Revision history for this message
Stefano Rivera (stefanor) wrote : Posted in a previous version of this proposal

I haven't tested it yet, but just from a read of the code:
* I don't like "delname" and "delpwd" rather make them "username" and "password".
* You don't need to pass the username and password to _add_post, they are in self.
* Instead of x.find(y) == -1 you can say y not in x
* Ibid favours pre-compiling regexs and saving them in the Processor object.
* You should probably use get_soup from utils rather than creating your own soup. It knows about encodings and compression.
* Be careful - your url comes in as unicode, but you transform it into a string.

Otherwise, looks good.

review: Needs Fixing
Revision history for this message
Stefano Rivera (stefanor) wrote : Posted in a previous version of this proposal

How about putting the context in the description?

Revision history for this message
Michael Gorven (mgorven) wrote : Posted in a previous version of this proposal

Very good first shot at an Ibid module :-) Just a couple things though:
 * I prefer to put imports into three groups (separated with a newline):
stdlib modules, other modules, and then Ibid modules.
 * Does the grab regex only allow (com|org|net|za) TLDs? If so, it should
accept any URL. The current url plugin is very liberal in what it detects. It
might be an idea to capture anything which looks like a URL, but then
validate it in some way (check that domain exists for example).
 * Don't catch exceptions unless they're expected errors and you're going to
do something useful with them. Ibid catches and logs exceptions raised by
plugins.
 review needs_fixing

review: Needs Fixing
Revision history for this message
Michael Gorven (mgorven) wrote : Posted in a previous version of this proposal

As I see was suggested on IRC, I think that this should be incorporated in the
url plugin, since it's doing the same thing as the current Grab processor,
just to a different location.

Revision history for this message
Michael Gorven (mgorven) wrote : Posted in a previous version of this proposal

Adding the channel and source names as tags might also be useful.

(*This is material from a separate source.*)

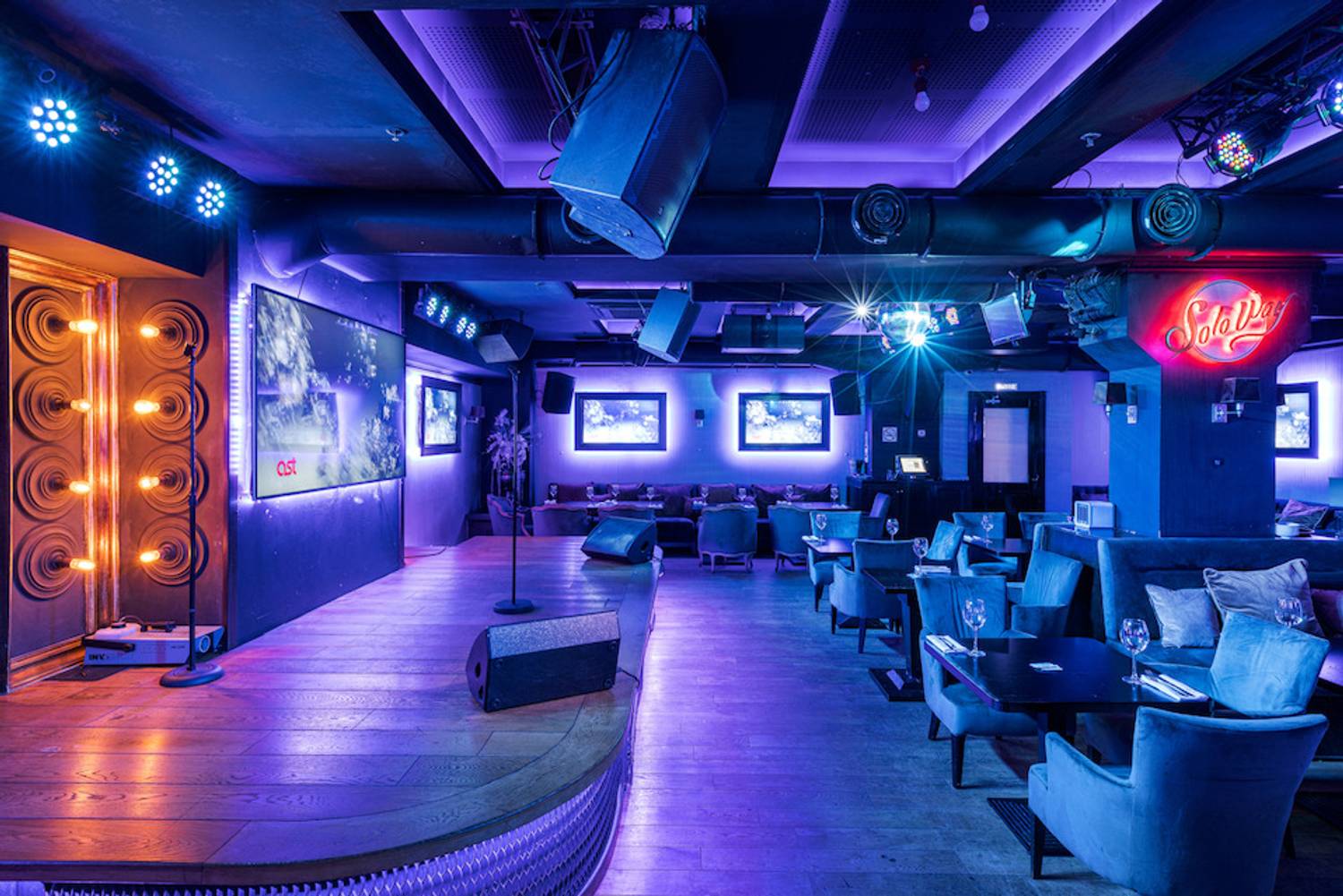 Ночной караоке-клуб "Soloway" на Вавилова — это место, где не соскучишься! Здесь всегда есть чем заняться: яркие вечеринки, диджейские сеты и, конечно, караоке. В клубе пять залов, каждый подойдет для разного настроения. Можно выбрать уютную барную зону с коктейлями и танцполом, а можно забронировать караоке-зал с профессиональным оборудованием для настоящих поклонников пения.
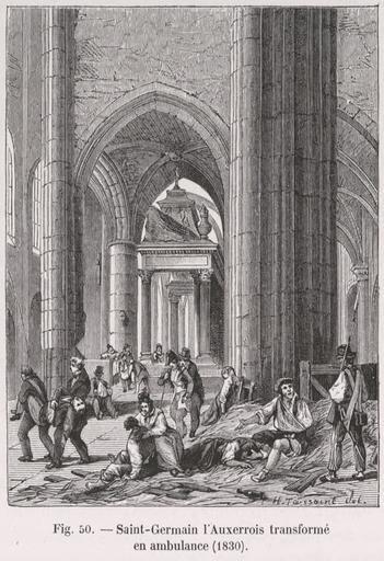 | Keywords: Saint-Germain l'Auxerrois transformé en ambulance, 1830.jpg Artwork An 1830 portrayal of Saint-Germain l'Auxerrois which was used to care for the wounded during the July Revolution Although this church was nearly abolished in the years to follow protesters insisted on its historical meaning and symbolism and it was eventually restored 1875-1882 lithograph 10 4 x 7 8 cm Institution Brown University Library object history exhibition history credit line Published in Theodor Josef Hubert Hoffbauer Paris à travers les âges Paris Firmin-Didot et cie 1885 accession number 1172175858649850 PD-old Lithographs of Paris Images of Paris from the Brown University Library Paris à travers les âges Historical images of Église Saint-Germain-l'Auxerrois Military hospitals in France French Revolution of 1830 |

Revision history for this message
Stefano Rivera (stefanor) wrote : Posted in a previous version of this proposal

Hi Michael (2009.03.14_23:36:11_+0200)
> * Does the grab regex only allow (com|org|net|za) TLDs? If so, it should
> accept any URL. The current url plugin is very liberal in what it detects. It
> might be an idea to capture anything which looks like a URL, but then
> validate it in some way (check that domain exists for example).

This looks like it uses the same approach as the current url module:
* Detect things with http:// - they must be URLs
* Detect things with that list of TLDs that look URL-ish. This should probably
  be made more general, when it gets merged with url.py

SR

Revision history for this message
Jonathan Hitchcock (vhata) wrote : Posted in a previous version of this proposal

Not sure I like the idea of checking whether a domain exists, or checking for what the bot thinks is a "valid TLD" - if it looks like a URL, it should be logged, I think. Somebody might say "My site is going to be at http://foo.com/ when my DNS goes through", and the bot might not know about that TLD.

Anyhoo, that aside, it looks like a good module, but the changes above (especially the merging into the existing URL grabber) should be done before the final merge.

review: Needs Fixing
Revision history for this message
Jonathan Groll (jjg-groll) wrote : Posted in a previous version of this proposal

Hi Stefano--,

On Sat, Mar 14, 2009 at 09:24:48AM -0000, Stefano Rivera wrote:
> * You should probably use get_soup from utils rather than creating your own soup. It knows about encodings and compression.

Not sure if I follow your thinking on this one here - is the intention
to get rid of a beautifulsoup dependancy?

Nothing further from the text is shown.